There are so many behemoths being erected around McCarren Park. I can even see these new condos under construction from my part of town, their lighted skeletons lighting up the sky at night. They bother me for a reason that I cannot entirely put into words, but I find it troubling that church spires and church domes are no longer the things that poke out tallest above the Williamsburg skyline. That soon, that distinction, will be the residences of extremely wealthy people with track lighting.
This was already a changed neighborhood when I moved to it three years ago, but in those three years, I have been witness to a host of more changes. It's interesting to watch these slight modifications to the neighborhood, building by building. One of these, 702 Grand Street, a few blocks from my house, a toy/variety store, Children's Playland. It has been open since I have moved here and even then I wondered how it stayed in business. Some of the inventory looked as if it had been sitting on the shelves since the eighties. I bought an awesome pair of sunglasses there last summer, that must have been sitting on that sunglasses rack for a decent amount of years. They were covered in a thick layer of dust and grime, but they were awesome, eightiesish (probably because they were an unsold item still sitting around from the eighties) and again, only two dollars.
A month or so ago, I stopped in there with Adele, looking for Risk, and we laughed at the inventory, at the dust on everything, wondering how this store stayed in business. They had tons of board games that also seemed unsold since the Eighties. Trivial Pursuit, the original Genus version, a whole shelve of them in their original packaging. Stacks of Trump: The Game, from the pre-Apprentice Trump, from a long time ago, still sitting on their shelves. Outdated game after outdated game and no Risk.
Today, I walked by to see a "Going Out of Business" sign hanging from the front. The sign proclaimed that the store had been open 22 years and that everything had to go, that everything was half off. Even though I had made fun of the store with Adele, and even though the store lacked any seeming business sense at all, I was still sad to see the demise of another one of these grimy Grand Street stores. Quite a few of them have departed in the time that I have lived here. The Brooklyn Fish House, a fish and chips joint, near the toy store went out of business a couple months ago and held an open house two weekends ago, people wandered into the grimy place looking to buy it, the old menu still in the window, and something is lost and something will be gained and I am not sure what, and not sure if it is for better, or for worse. Better for whom? Worse for whom? Some bar, some vintage clothing shop, some coffee shop will probably step into these voids as they have been doing on Grand Street since even before I moved here. Places which I will probably end up frequenting way more than I did either the fish shop or the toy store. I made one purchase in each of the locations the entire time I lived here. It's disturbing to know that I play some role in these changes, that I am part of the wave that allows this neighborhood to be gentrified, and even more disturbing to know that this wave can't be stopped, that I could probably play no role in resisting these changes, that it just seems to be the way of the world.
I just finished watching Errol Morris' Gates of Heaven. It is a documentary about pet cemetery owners and people that have buried their pets in cemeteries.
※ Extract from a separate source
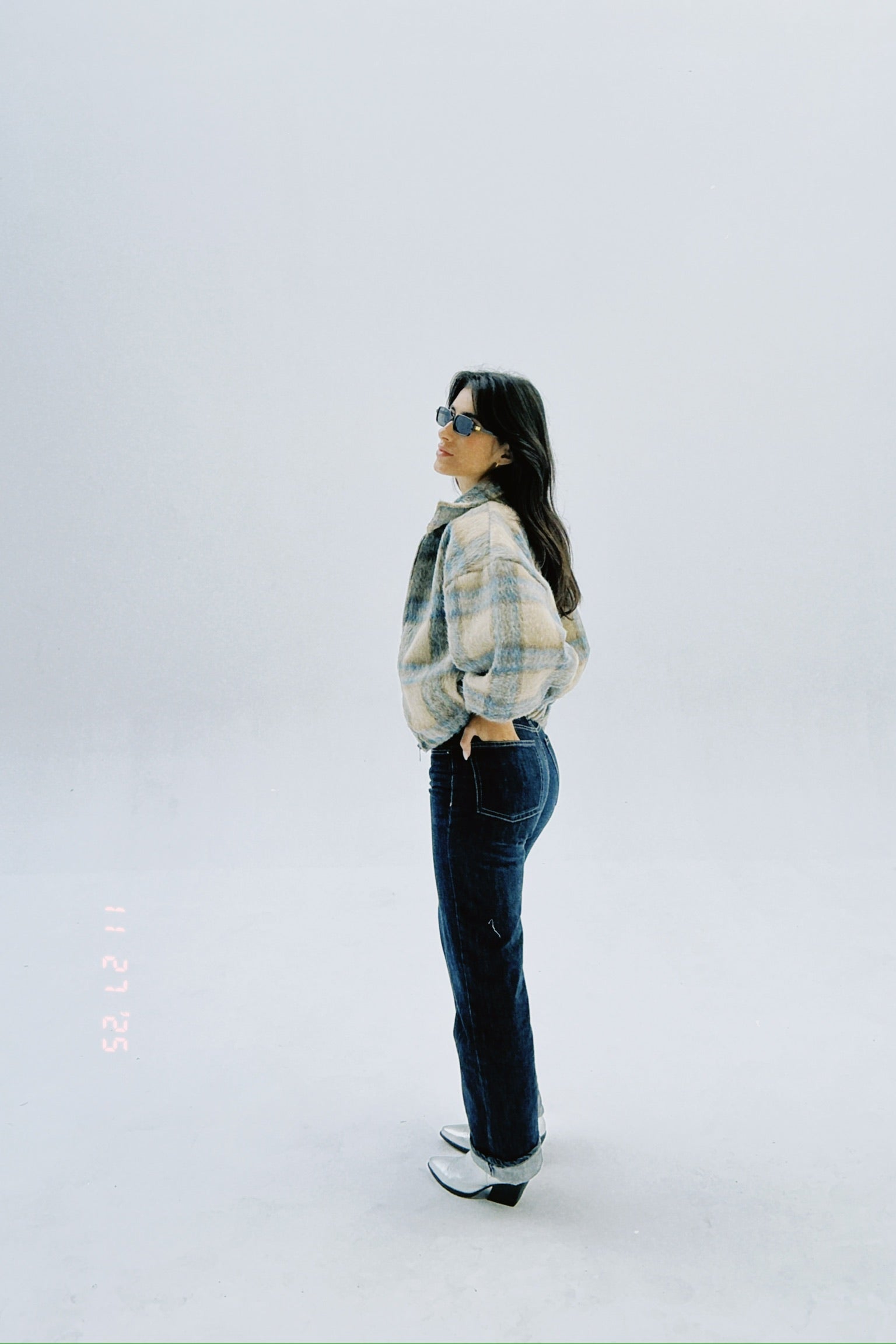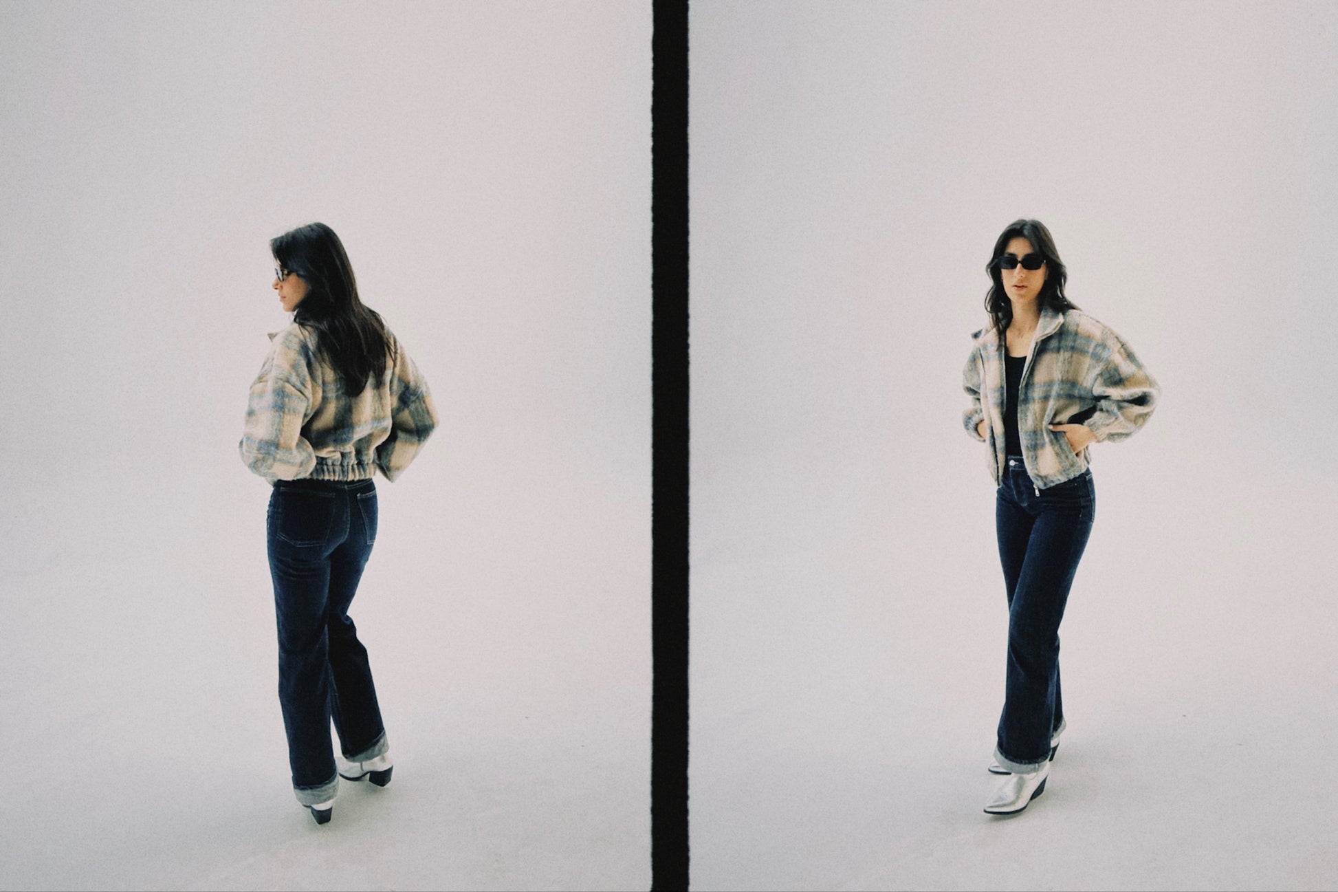 A cozy twist on a classic — The Bomber Jacket features a soft, plush texture with a muted beige and blue plaid pattern that adds effortless warmth and style. Its relaxed fit and zip-front design make it the perfect statement layer for cooler days.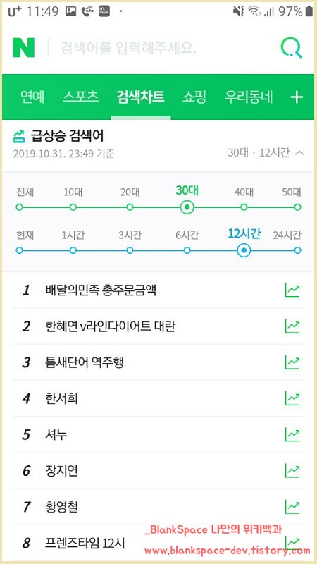 이제, 새로운 실시간 검색어 화면을 봐야겠죠?

It is amazing. Morris either is an amazing interviewer or hit the jackpot by finding talkers as his subjects. These subjects will talk for such long periods of time, uninterrupted without the aid of any prodding questions, and yet still deliver the answers that Morris must have been seeking out. The subjects are so fascinating and God, this movie, is so good. If I recall correctly, there isn't one voiceover by the director in the entire movie, which is pretty rare it seems for a documentary, to be able to tell the story solely with the voices of the subjects shot and to not have to narrate with either on screen text or some voiceover. It's surprisingly elegant, this movie. In the beginning, I tended to laugh at the subjects, thinking their adoration of their pets bordered on something close to idolatry, but by the end of the movie, the themes Morris is touching on become clearer, that the loss of loved ones and how we deal with their disposal is pretty important stuff. There is a really touching segment at the end where a pet owner talks about what animates a body, that yes, the body of her pet is still there, but that that's not what she loved, that there was something that made that now inanimate body move that's gone, that the fact that the body is there and doesn't move is proof that there is another component to life besides the body, a spirit. Surely, my retelling of this sounds hokey, but to hear this woman talk about her dead dog, you really start to believe that their might be some afterlife.